Girls, Ghosts, Pablo Escobar: “Our Dear Dead Drug Lord” opens at the Lupin Theater

Ian Faul, Contributing Writer

If you’ve been enjoying this week’s long-awaited cool front, don’t be so fast to attribute it to global weather patterns; it just may be that the chill you feel is coming from certain supernatural events in the Lupin Theater. 

The Tulane Department of Theatre and Dance’s production of “Our Dear Dead Drug Lord” by Alexis Scheer premiered on Tuesday to a nearly-full house. Directed by Professor Jessica Podewell, the play is a rollercoaster ride that rises to hilarious highs and plummets to tragic depths, with plenty of twists in between. The play’s rush to its inevitable conclusion is sure to knock the wind out of you; I caught myself covering my mouth as people around me began to clap.

“Our Dear Dead Drug Lord” is, among other things, about transitions.

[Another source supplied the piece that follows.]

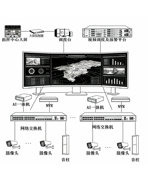 通过部署高分辨率全景相机,配合多模态识别AI模型与计算机视觉分析技术,利用火情识别等AI 算法对现有监控影像拉流抽帧,实现无效视频过滤以减少 90% 以上冗余数据回传,同时通过分析烟雾颜色、厚度、扩散速率等可见光特征,在无红外温感摄像头情况下对火灾进行早期预警,并实时检测未戴安全帽、未穿工作服(反光衣)等违规行为。另可通过视频帧标注关键时间节点及多视角同步回放等实现火灾原因溯源分析。
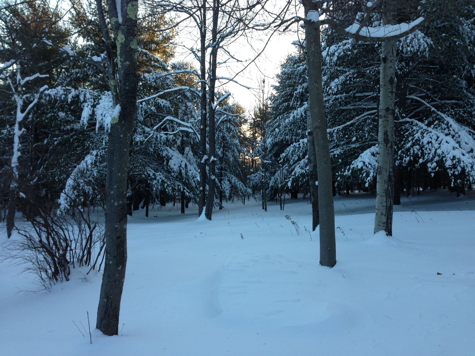 We said hello to 2013 at our off-the grid getaway in New York’s Schoharie Valley. We arrived to over a foot of newly fallen snow and a clear starry night illuminated by the full moon. Ice crystals sparkled like diamonds in the moonlit blue snow. The silhouette of tall pines and naked hardwood trees were black against the blue ice.

Set in 2008, Barack Obama’s monumental first election is a recurring topic of conversation for the characters — four high school girls from Miami. When they aren’t attempting to summon the spirit of Colombian narco-terrorist Pablo Escobar, whose devilishly grinning mugshot adorns the upstage wall, the girls discuss real-world issues relevant to their position at the precipice of adulthood. The trials of first love, racial stereotypes, life in post-9/11 America and the pressures of college admissions are all addressed to varying degrees. 

The most significant binary underlying the play is that of truthfulness and jest. The line between the two is often blurred, as is the case at the characters’ age. Is it possible that Escobar’s ghost is real? Did she really mean what she said? These questions give the play its fundamental tension.

As the play progresses, subsequent revelations of each character’s trauma draw the audience along and produce moments of conflict, connection, horror and beauty. Especially striking was the dance sequence that occurred in response to the death of one girl’s father, which began as a giggling mess and gradually coalesced into a transcendent healing ritual. However, these revelations of trauma are packed in so tightly in the last third of the show that it becomes slightly formulaic, disrupting the more natural fluctuations between extremes of silliness and seriousness that characterize the rest of the show.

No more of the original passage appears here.